Method and apparatus for manipulating an input signal (e.g. an audio (equivalent) signal) to obtain an output signal having a different pitch and/or duration. The method includes (a) positioning a chain of successive overlapping time windows with respect to the input signal; (b) deriving segments signals from the input signal and the windows; and (c) synthesizing the output signal by chained superposition of the segments signals. Each of the windows (except for the first window in the chain) is positioned by incrementing a position of the window from a corresponding position of a preceding window in the chain by a time interval. The time interval is substantially equal to a local pitch period for a portion of the input signal with respect to which the window is positioned. Accordingly, each of the windows of the chain (except for the first window) is positioned so that it begins at a predetermined time interval from a preceding window in the chain. The apparatus includes units for carrying out each of these processes.

Description

This is a continuation of prior application Ser. No. 07/924,863, filed on Aug. 3, 1992 now abandoned.
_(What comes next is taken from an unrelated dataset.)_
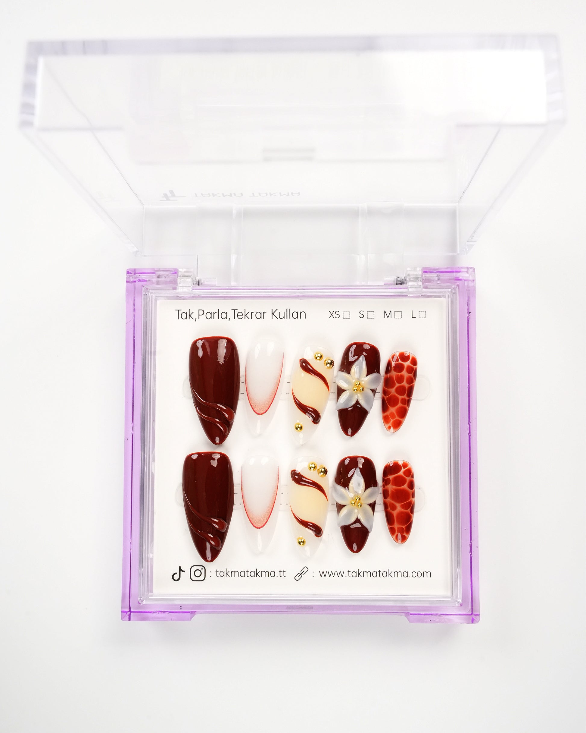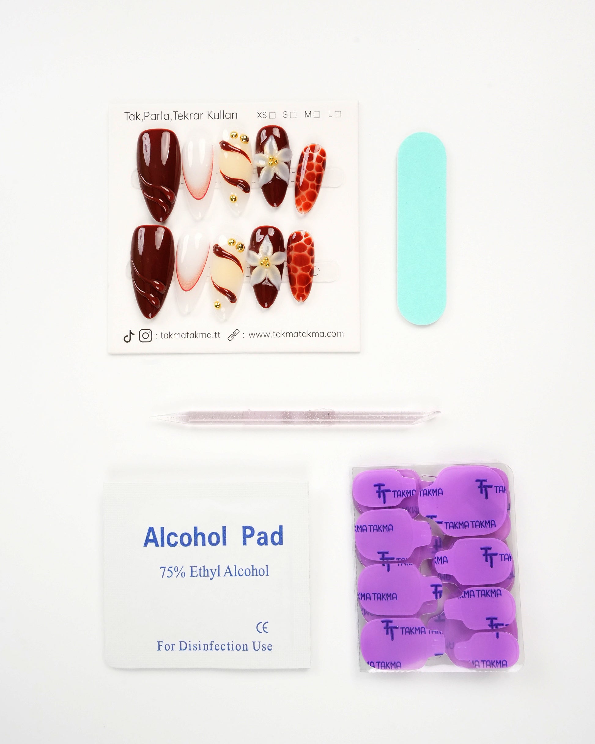 TakmaTakma tırnaklarınızı istediğiniz zaman çıkarıp tekrar takabilirsiniz, üstelik zahmetsizce! İstediğiniz gibi kullanabilir, her an şıklığınızı yenileyebilirsiniz.

BACKGROUND OF THE INVENTION
The invention relates to a method for manipulating an audio equivalent signal. Such a method involves positioning a chain of mutually overlapping time windows with respect to the audio equivalent signal; deriving segment signals from the audio equivalent signal, each of the segment signals being derived from the audio equivalent signal by weighting the audio equivalent signal as a function of position in a respective window; and synthesizing, by chained superposition, the segment signals.
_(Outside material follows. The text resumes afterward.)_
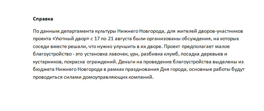 Как было отмечено исполняющим полномочия главы Нижнего Новгорода Юрием Шалабаевым, реализация проекта «Уютный двор» стала возможной благодаря инициативе самих жителей города.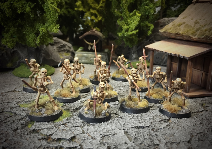 The base is old Citadel plastic skeletons (I found at the bottom of some storage box), modified with a few weapons (mostly Perry) and a few different skulls.

The invention also relates to a method for manipulating a concatenation of a first and a second audio equivalent signal. Such a method comprise the steps of:
(a) locating the second audio equivalent signal at a position in time relative to the first audio signal, the position in time being such that, over time during a first time interval only, the first audio equivalent signal is active and in a subsequent second time interval only the second audio equivalent signal is active,
(b) positioning a chain of mutually overlapping time windows with respect to the first and the second audio equivalent signal, and
(c) synthesizing an output audio signal by chained superposition of segment signals derived from the first and/or the second audio equivalent signal by weighting the first and/or the second audio equivalent signal as a function of position in the time windows.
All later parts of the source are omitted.